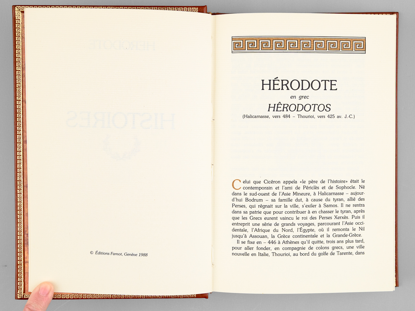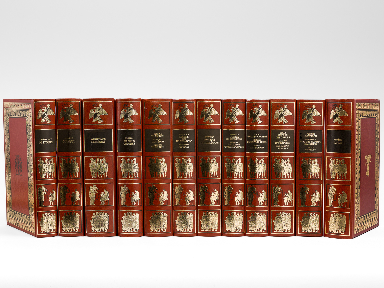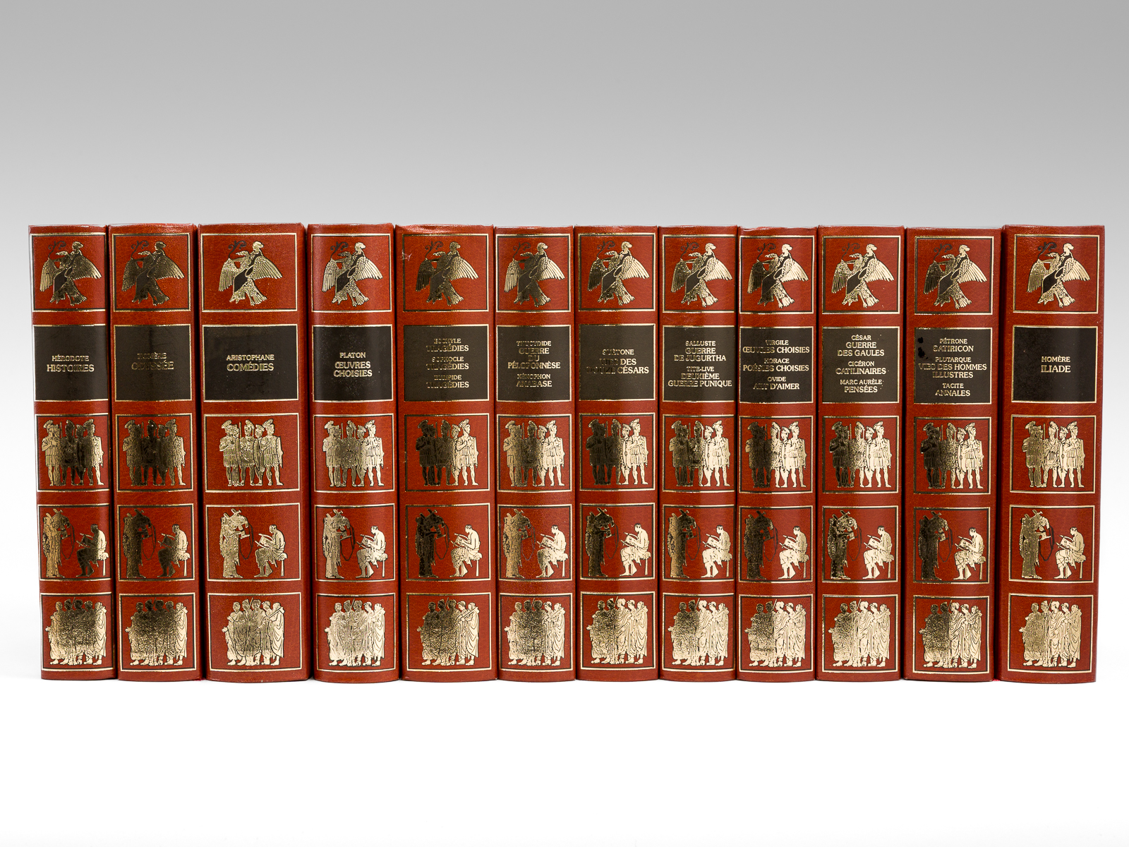 12 vol. in-8 cartonnage éditeur richement orné, Editions Famot, 1988. Liste des titres : Homère : L'Iliade ; Homère : L'Odyssée ; Hérodote : Histoires ; Platon : Oeuvres Choisies ; Eschyle, Sophocle, Euripide : Tragédies ; Thucydide : Guerre du Péloponnèse - Xénophon : Anabase ; Suétone : Vies des Douze Césars ; Salluste : Guerre de Jugurtha - Tite-Live : Deuxième Guerre Punique ; Vigrile : Oeuvres choisies - Horace : Poésies choisies - Ovide : Art d'Aimer ; César : Guerre des Gaules - Cicéron : Catilinaires - Marc-Aurèle : Pensées ; Pétrone : Satiricon - Plutarque : Vies des Hommes illustres - Tacite : Annales
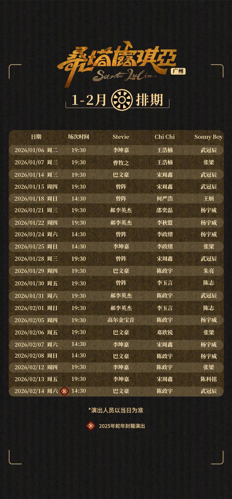 据了解,此次展演季涵盖30个优质演艺项目,从沉浸式戏剧的新奇体验到音乐现场的潮流律动,从脱口秀、魔术的欢乐氛围到文旅演艺的视听盛宴,多元演艺形式将在全省各大演艺新空间轮番上演,不仅为市民游客献上兼具文化底蕴与创新活力的艺术大餐,更以“演艺+文旅”的融合模式,为正在全省开展的“粤享暖冬 乐游广东”消费季注入动能,让大众在演艺光影中感受岭南文化的独特魅力与新年的喜庆氛围。
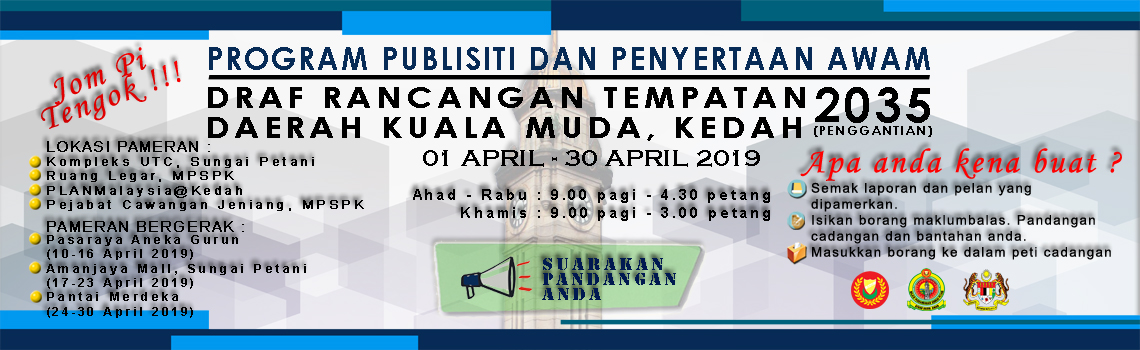 Rancangan Tempatan Daerah Kuala Muda, Kedah ini mengandungi petikan daripada Laporan Draf Rancangan Tempatan Daerah Kuala Muda 2035. Segala penjelasan dan perincian lanjut perlu merujuk kepada laporan Draf Laporan Draf Rancangan Tempatan Daerah Kuala Muda 2035. Rancangan Tempatan Daerah Kuala Muda mengandungi:
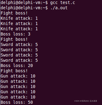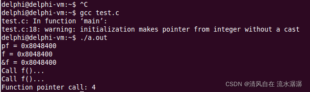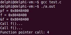 如果我们把void(*pf)() = &f; 改成void(*pf)() = 0x8048400; 直接利用函数指针跳转到 0x8048400 这个地址来执行,结果照样也能正常输出:
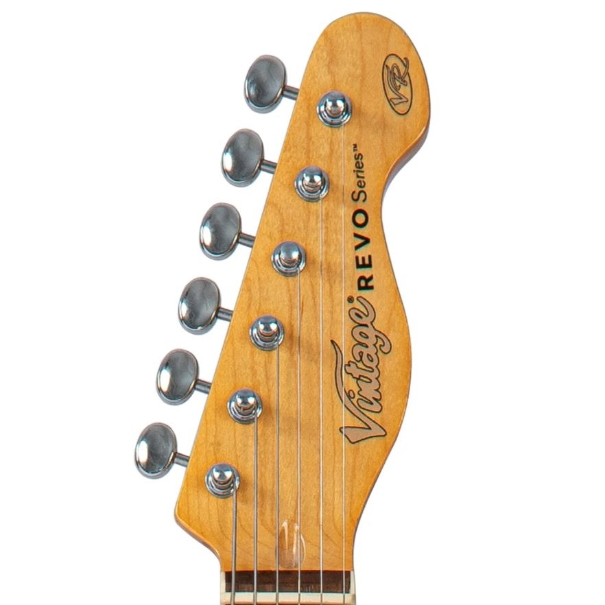 Met een esdoornhals, een 22-frets fingerboard met binding en blokinlays, is de schattige Revo Vision uitgerust met een 5-weg selector schakelaar, Wilkinson machine heads, een GraphTech precisie-gesneden topkam en een Wilkinson 3-saddle hardtail compensatiebrug, klaar om te rocken met een gebonden body die een unieke transonische veerholte aan de achterkant heeft voor extra sustain.
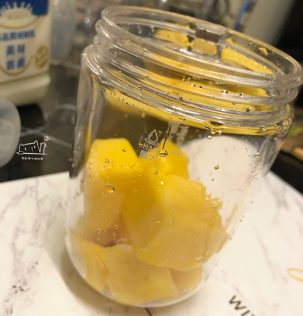 想喝芒果冰沙的朋友可以再加冰塊及水,
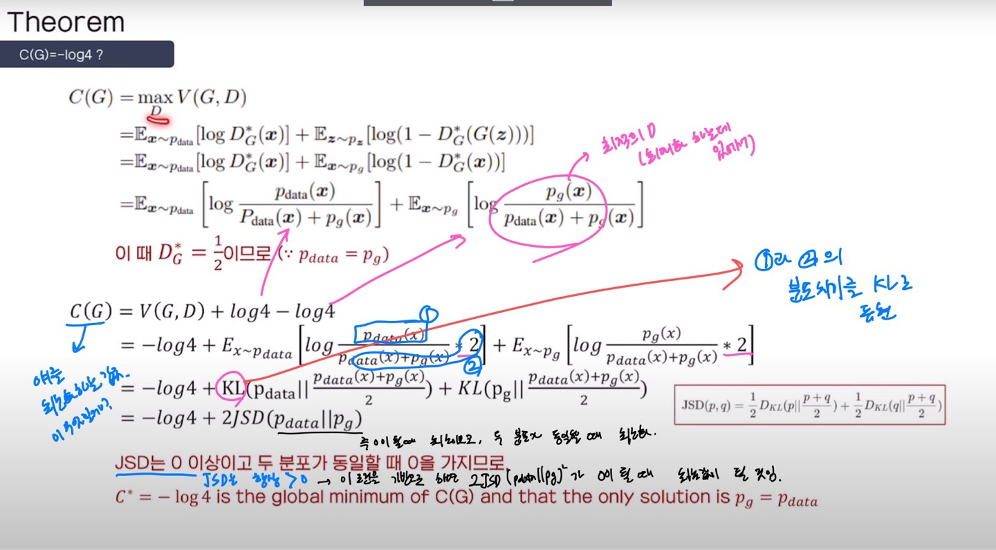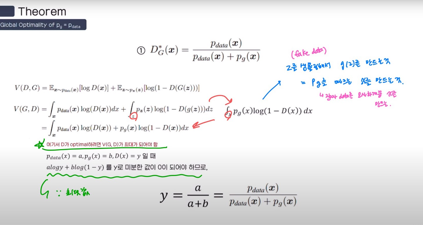 - 어떠한 G가 들어오던지 간에, 최적의 D는 뭘까? ⇒ 위의 식을 가질 때 가장 최적이다! 라는 것을 증명함
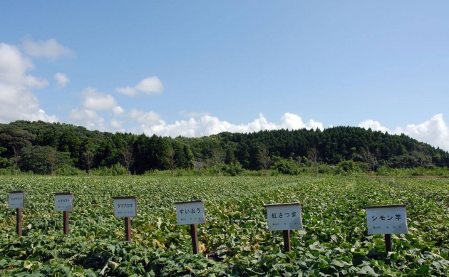 ここでは薩摩焼酎の原料に適した新しい芋を開発するため、常時およそ34種類の芋が育てられています。(^_^)芋の銘柄は「ダイチノユメ」「ひめあやか」「アメリカ」「サニーレッド」「すいおう」「コナホマレ」など、聞き覚えのない銘柄ばかりですが、どれも研究中の宝山としてはまだ商品化されていない品種達です。昨日ご紹介しました、宝山吟味蔵の研究者達がそれぞれの芋の特性・その芋に合った土・育て方を研究し、収穫された芋を今度は杜氏達と連携して、最適な醸造方法を考えて行きます。この畑の中から将来、宝山の代表ブランドに育っていく芋もあるはずです!o(^_^)o
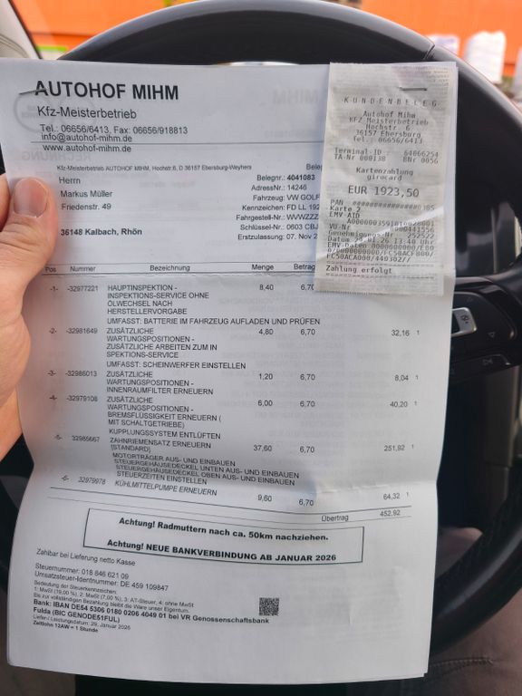 Die große Wartung wurde gerade im Januar 2026 durchgeführt in einer VW Vertragswerkstatt.
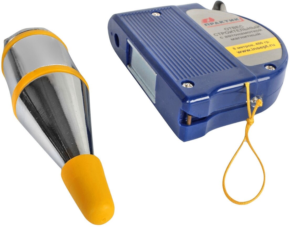 Type: mason's plumb bob, plumb line length: 800 cm, automatic winding, load shape: pointed cylinder, weight: 400 g
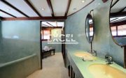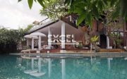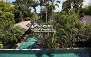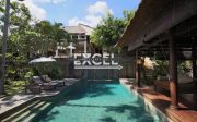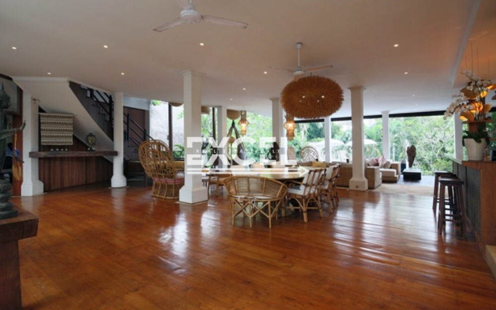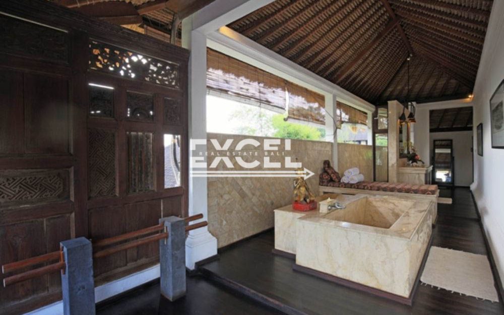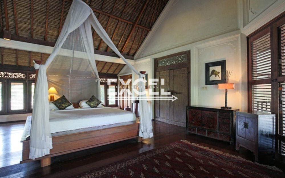 On the second teak-wood floor, the superb master bedroom has its king size bed viewing the rice paddies through the windowed partition separating the balcony with the room. The master en-suite bathroom features a bathtub and two separate showers for maximum convenience. On the same floor, another area has been renovated, featuring a game room for children and two bedrooms sharing the same bathroom. On the lower stage, the water from the swimming pool above falls into the second 60m2 pool. Beside the swimming pool is the entertainment area, including sofas, couches and a pool table to give you time for true relaxation. Furthermore, there are two bedrooms with their en-suite bathrooms in a separate building, surrounded by the verdant garden and fish pond.

* Exercise
In the listing above, find the line with "ここでは薩摩焼酎の原料に適し" and the line with "Type: mason's plumb". Copy exactly those lines and all between them, minus the images.

* Result of this task
 ここでは薩摩焼酎の原料に適した新しい芋を開発するため、常時およそ34種類の芋が育てられています。(^_^)芋の銘柄は「ダイチノユメ」「ひめあやか」「アメリカ」「サニーレッド」「すいおう」「コナホマレ」など、聞き覚えのない銘柄ばかりですが、どれも研究中の宝山としてはまだ商品化されていない品種達です。昨日ご紹介しました、宝山吟味蔵の研究者達がそれぞれの芋の特性・その芋に合った土・育て方を研究し、収穫された芋を今度は杜氏達と連携して、最適な醸造方法を考えて行きます。この畑の中から将来、宝山の代表ブランドに育っていく芋もあるはずです!o(^_^)o
 Die große Wartung wurde gerade im Januar 2026 durchgeführt in einer VW Vertragswerkstatt.
 Type: mason's plumb bob, plumb line length: 800 cm, automatic winding, load shape: pointed cylinder, weight: 400 g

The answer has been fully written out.